* _EXERCISE REQUIREMENTS_
The copy you give must match the listing below exactly and contain no pictures.

* _RECORDED INFORMATION_
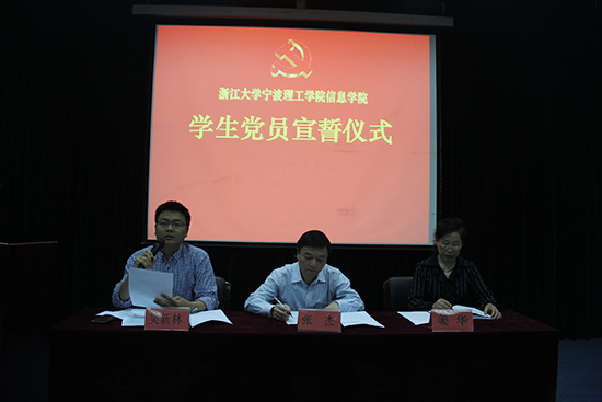 大会在庄严的《国际歌》的合唱声中拉开帷幕。吴新林老师带领全体毕业生党员重温了入党誓词。软件学生党支部书记毛梦恒同学代表全体学生党员上台发言。毛梦恒同学回顾了入党过程中自身所得到的锻炼与成长,代表全体毕业生党员对母校和党组织表达了谢意,表示走上工作岗位后要继续时刻牢记党员身份,发挥先锋模范作用。张杰老师对全体学生党员对学院发展做出的贡献表示了感谢,并对毕业生党员提出了希望与要求:一是希望毕业生党员坚守职责,带头做好就业与文明离校工作,站好最后一班岗;二是希望毕业生党员牢记党的宗旨,努力工作,严格要求自己,做好工作中的每一件事;三是希望毕业生党员饮水思源,承担起更多的社会责任,努力为母校争光,无愧于母校的期望。
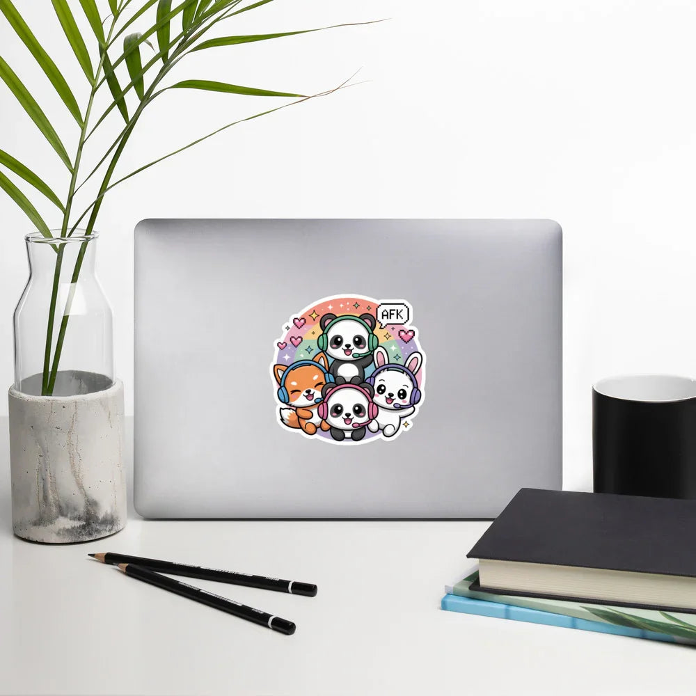Featuring adorable pandas, a bunny, and a fox with colorful headsets, this design blends gamer energy with soft kawaii vibes. Perfect for decorating your gaming rig, laptop, water bottle, or streaming setup.
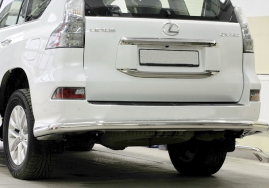 Защита заднего бампера труба предназначена для автомобилей Lexus GX460 от 2013 г.в. Вам не придется подгонять защиту под размеры бампера вашего авто. И с монтажом проблем не возникнет: установка защиты заднего бампера производится в штатные отверстия, а значит, необходимость сверлить кузов отпадает.
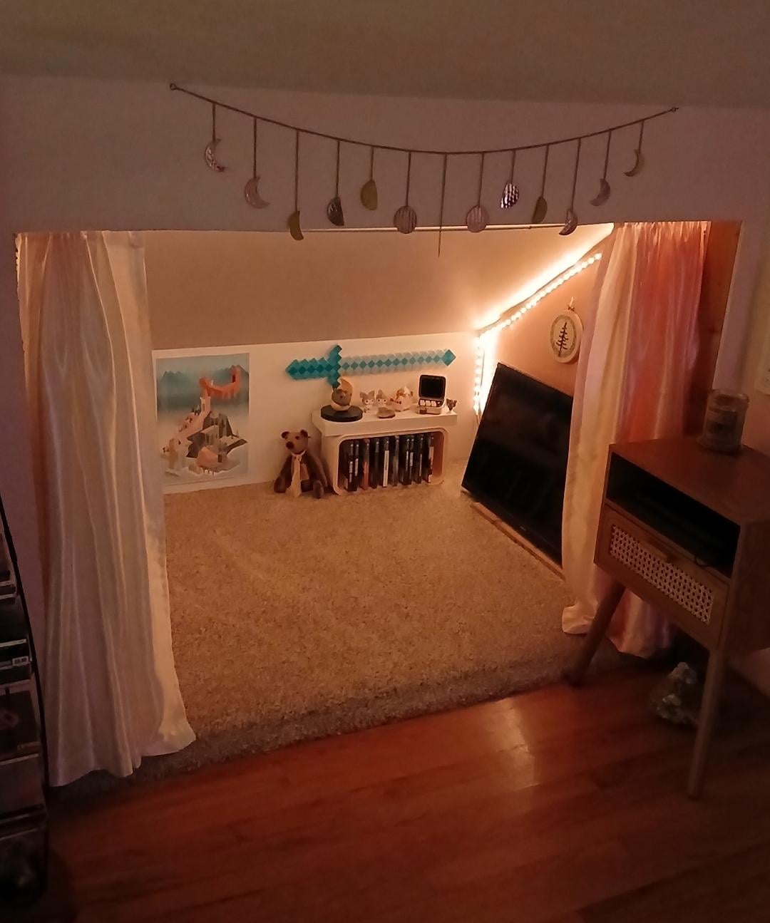 ブルース・ゴフが設計した神苑館の会話ピット。天井から吊るされたセロハン片とガチョウの羽が空気の循環に合わせて動き、光を屈折させます。 [1990×2048]

* _SOLUTION TO THE PROBLEM_
 大会在庄严的《国际歌》的合唱声中拉开帷幕。吴新林老师带领全体毕业生党员重温了入党誓词。软件学生党支部书记毛梦恒同学代表全体学生党员上台发言。毛梦恒同学回顾了入党过程中自身所得到的锻炼与成长,代表全体毕业生党员对母校和党组织表达了谢意,表示走上工作岗位后要继续时刻牢记党员身份,发挥先锋模范作用。张杰老师对全体学生党员对学院发展做出的贡献表示了感谢,并对毕业生党员提出了希望与要求:一是希望毕业生党员坚守职责,带头做好就业与文明离校工作,站好最后一班岗;二是希望毕业生党员牢记党的宗旨,努力工作,严格要求自己,做好工作中的每一件事;三是希望毕业生党员饮水思源,承担起更多的社会责任,努力为母校争光,无愧于母校的期望。
Featuring adorable pandas, a bunny, and a fox with colorful headsets, this design blends gamer energy with soft kawaii vibes. Perfect for decorating your gaming rig, laptop, water bottle, or streaming setup.
 Защита заднего бампера труба предназначена для автомобилей Lexus GX460 от 2013 г.в. Вам не придется подгонять защиту под размеры бампера вашего авто. И с монтажом проблем не возникнет: установка защиты заднего бампера производится в штатные отверстия, а значит, необходимость сверлить кузов отпадает.
 ブルース・ゴフが設計した神苑館の会話ピット。天井から吊るされたセロハン片とガチョウの羽が空気の循環に合わせて動き、光を屈折させます。 [1990×2048]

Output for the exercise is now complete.